#### [Exercise requirements]
The copy should hold only the line containing "5-bean mix in" and the lines after it through the end of the material, each exact, with no pictures.

#### [Exercise input]
..............................
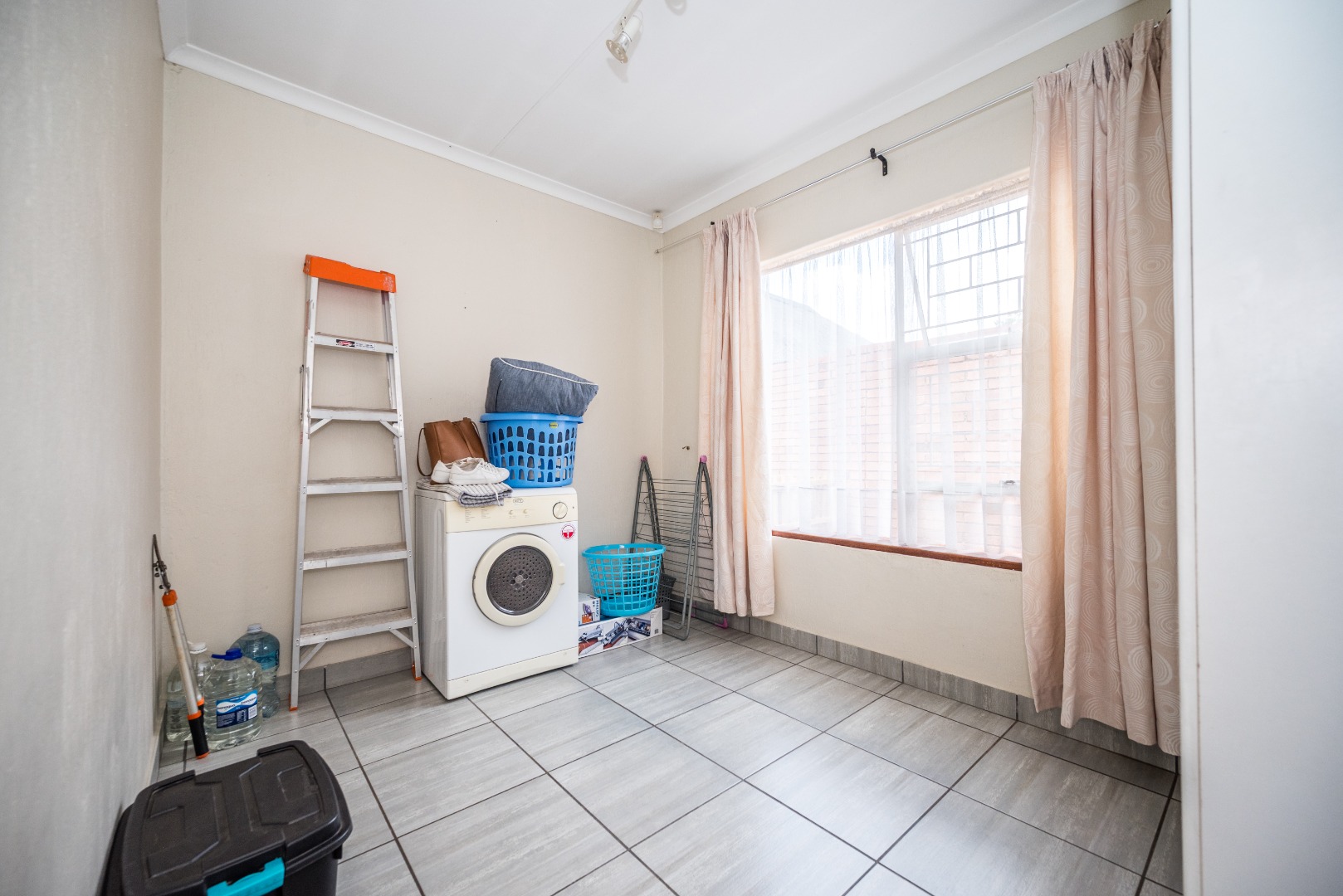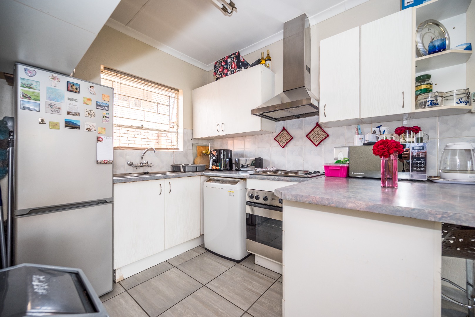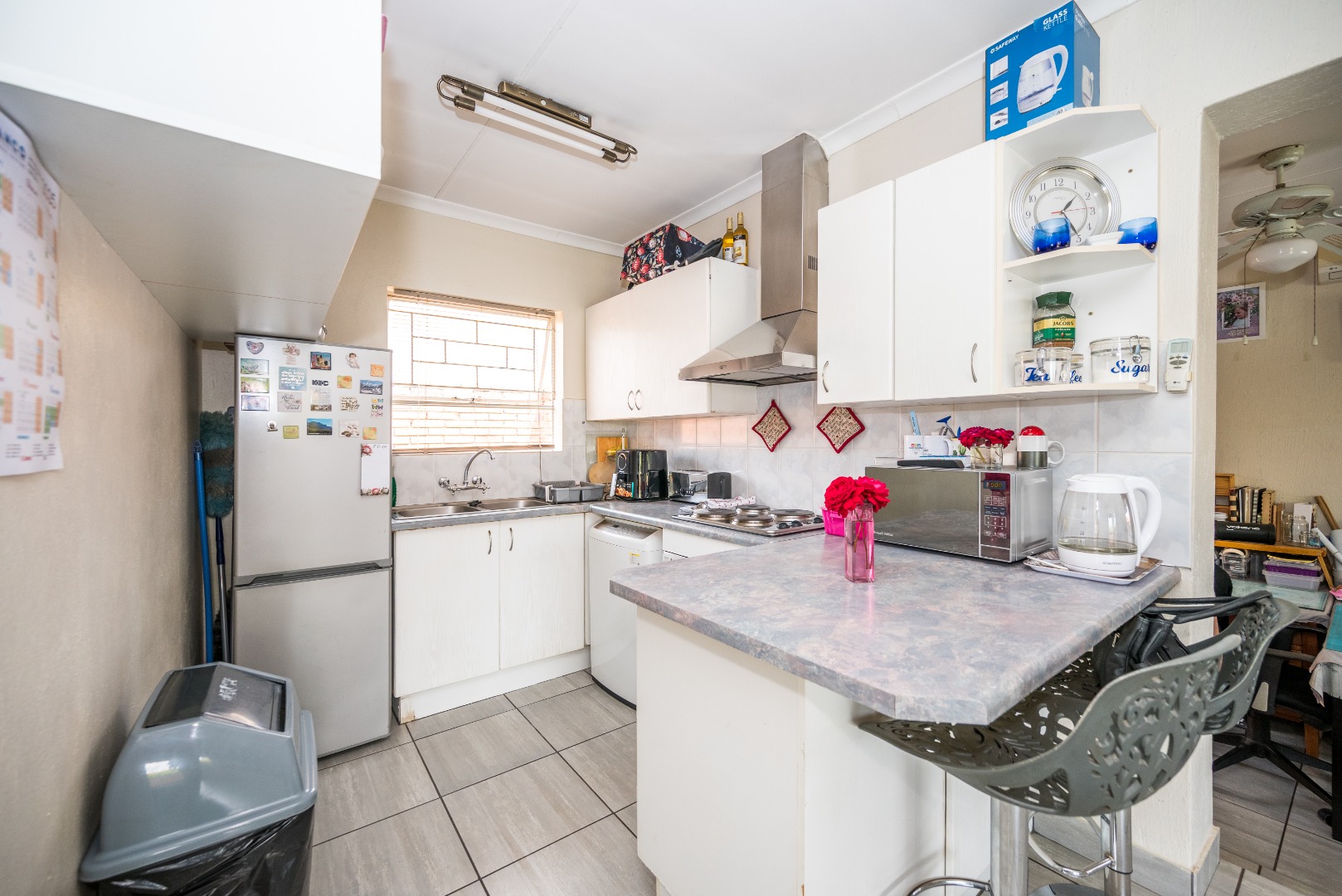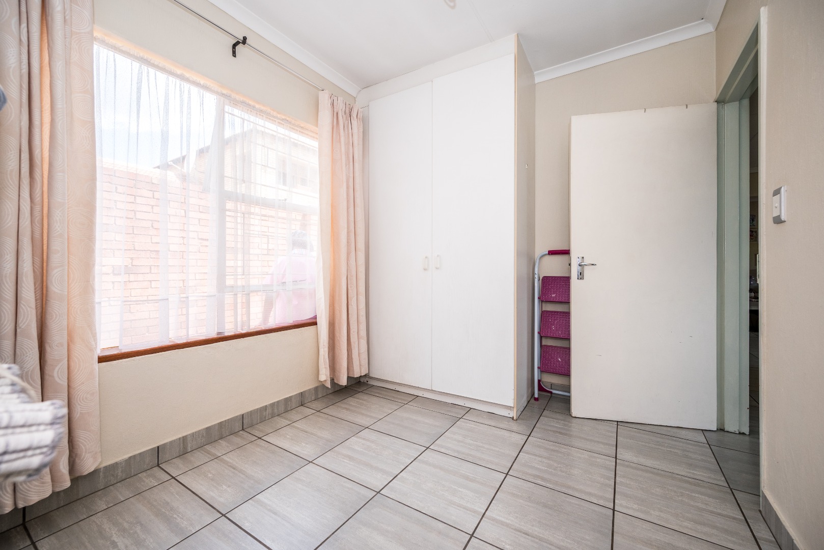 This unit with lounge and dining room and large garden is in Security Estate. This unit offers 2 sunny bedrooms with build-in-cupboards. There is a full bathroom with bath and shower. The kitchen offer place for appliance and is open plan to living area. The one garage is converted into an extra living area. The living area leads onto patio and large garden. There is a garage and double carport. This unit is in Security Estate with excellent security. There is a play park for children. This is a must view unit. Phone today to view!!!!
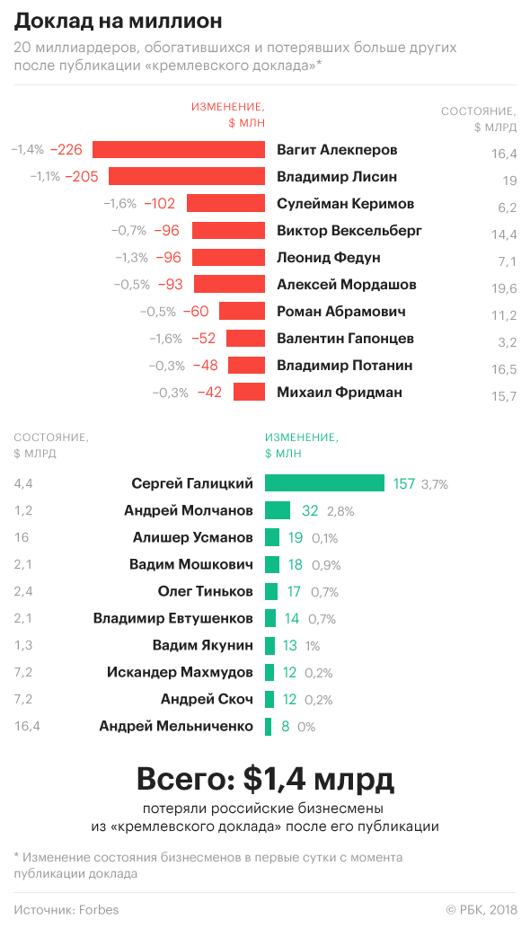 Хотя в целом рынок не слишком активно отреагировал на американский доклад, а некоторые россияне из него даже увеличили свои активы, например, Сергей Галицкий. Они отображены в инфографике.
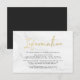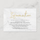 Tarjetas de información de boda elegantes y modernas con fuente de letra dorada falsa, fondo de mármol blanco y espacios para tus detalles personalizados de boda. El dorso de las tarjetas de información de boda doradas se puede cambiar a un color de tu elección con la herramienta de personalización.
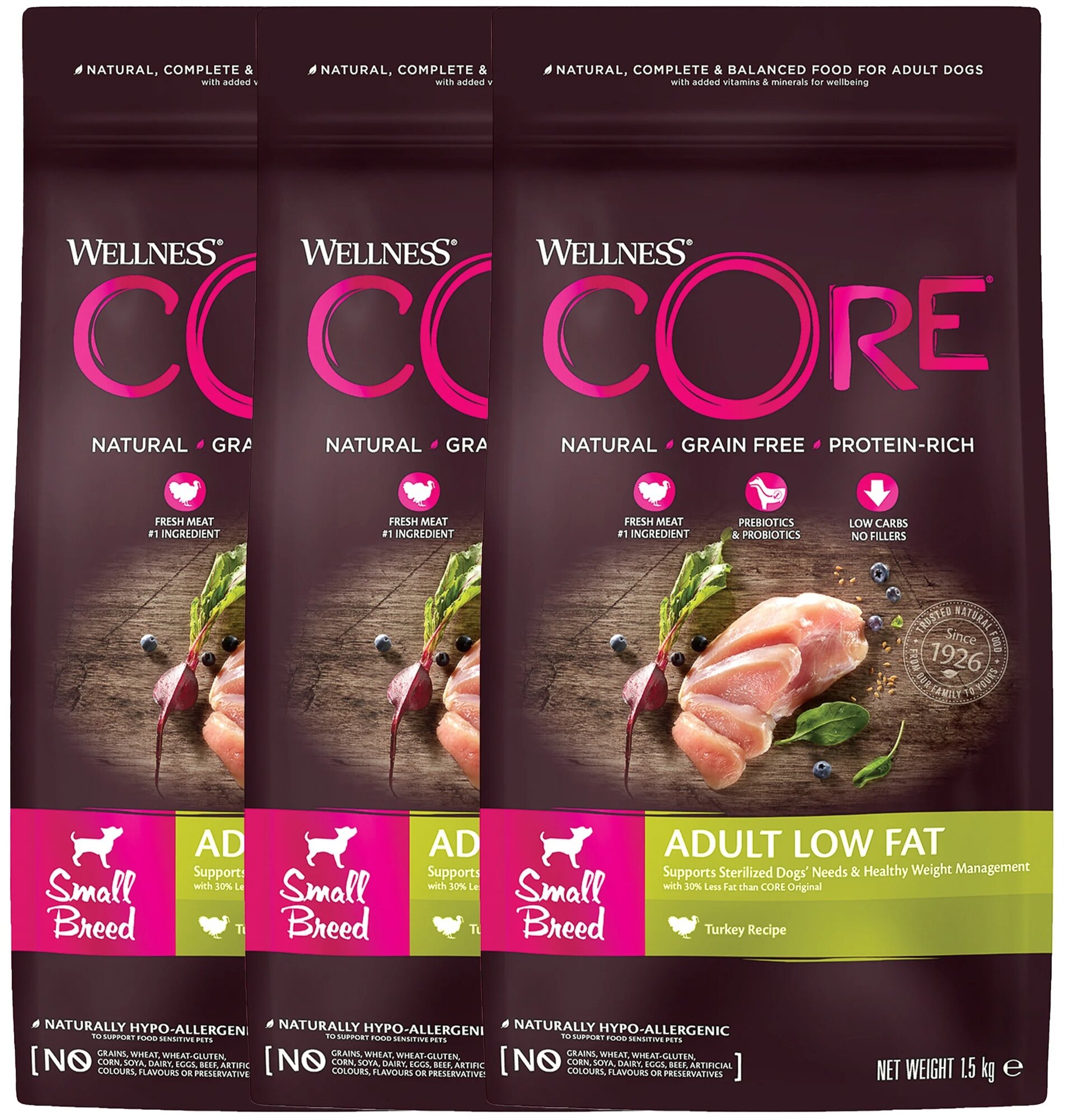 CORE Корм со сниженным содержанием жира из индейки с курицей для взрослых собак мелких пород 1,5 кг х 3 шт.
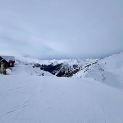 Meine „neuen“ gebrauchten Skischuhe entwickeln heute eine ganz eigene Persönlichkeit und drücken so brutal, dass nach zwei Runs Schluss ist. Alex dreht noch ein paar Runden, während ich unten bei einem Bier sitze und ehrlich gesagt ziemlich frustriert bin – endlich Powder und ich kann ihn vor Schmerzen nicht genießen. Der Winter und ich finden dieses Jahr irgendwie nicht so richtig zusammen. 🤷♀️
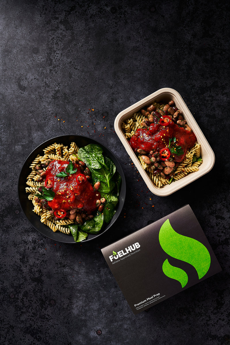 5-bean mix in a spicy tomato sauce, served with Pasta & Spinach
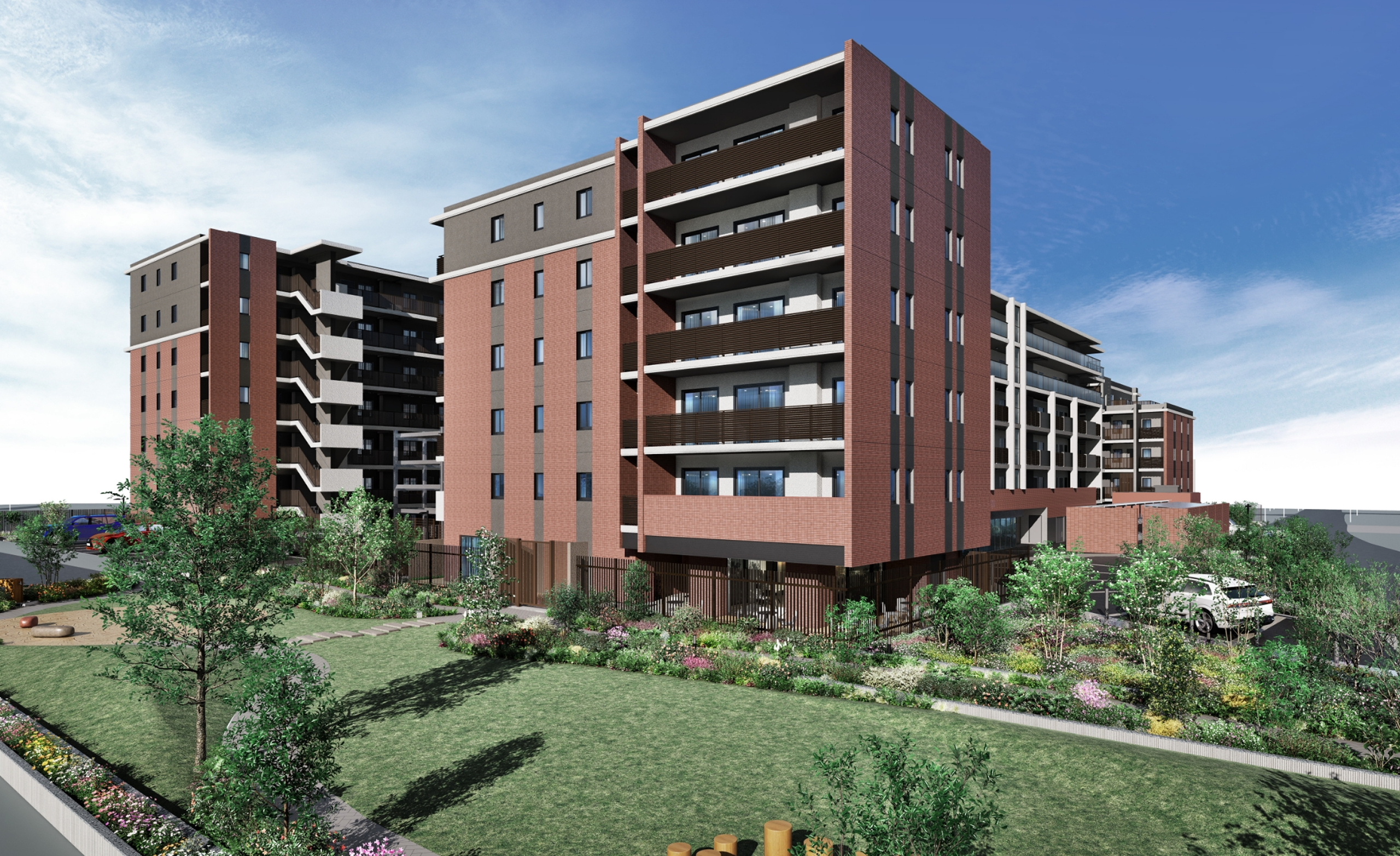 ※掲載の完成予想CGは計画段階の図面を基に描き起こしたもので、形状・色等は実際とは異なる場合がございます。なお、外観形状の細部、照明・排水設備・室外機・雨桶・換気口・各種桝等の設備機器は表現しておりません。設計段階のもので、行政等の指示により今後変更となる場合がございます。また植栽は、特定の季節やご入居時の状態を想定して描かれたものではありません。植栽は計画段階のものであり、樹種等が変更になる場合があります。
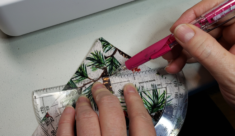 Sew along the marked line. Then trim off corner within ¼” of sewn line.
..............................
#### [Solution below]
 5-bean mix in a spicy tomato sauce, served with Pasta & Spinach
 ※掲載の完成予想CGは計画段階の図面を基に描き起こしたもので、形状・色等は実際とは異なる場合がございます。なお、外観形状の細部、照明・排水設備・室外機・雨桶・換気口・各種桝等の設備機器は表現しておりません。設計段階のもので、行政等の指示により今後変更となる場合がございます。また植栽は、特定の季節やご入居時の状態を想定して描かれたものではありません。植栽は計画段階のものであり、樹種等が変更になる場合があります。
 Sew along the marked line. Then trim off corner within ¼” of sewn line.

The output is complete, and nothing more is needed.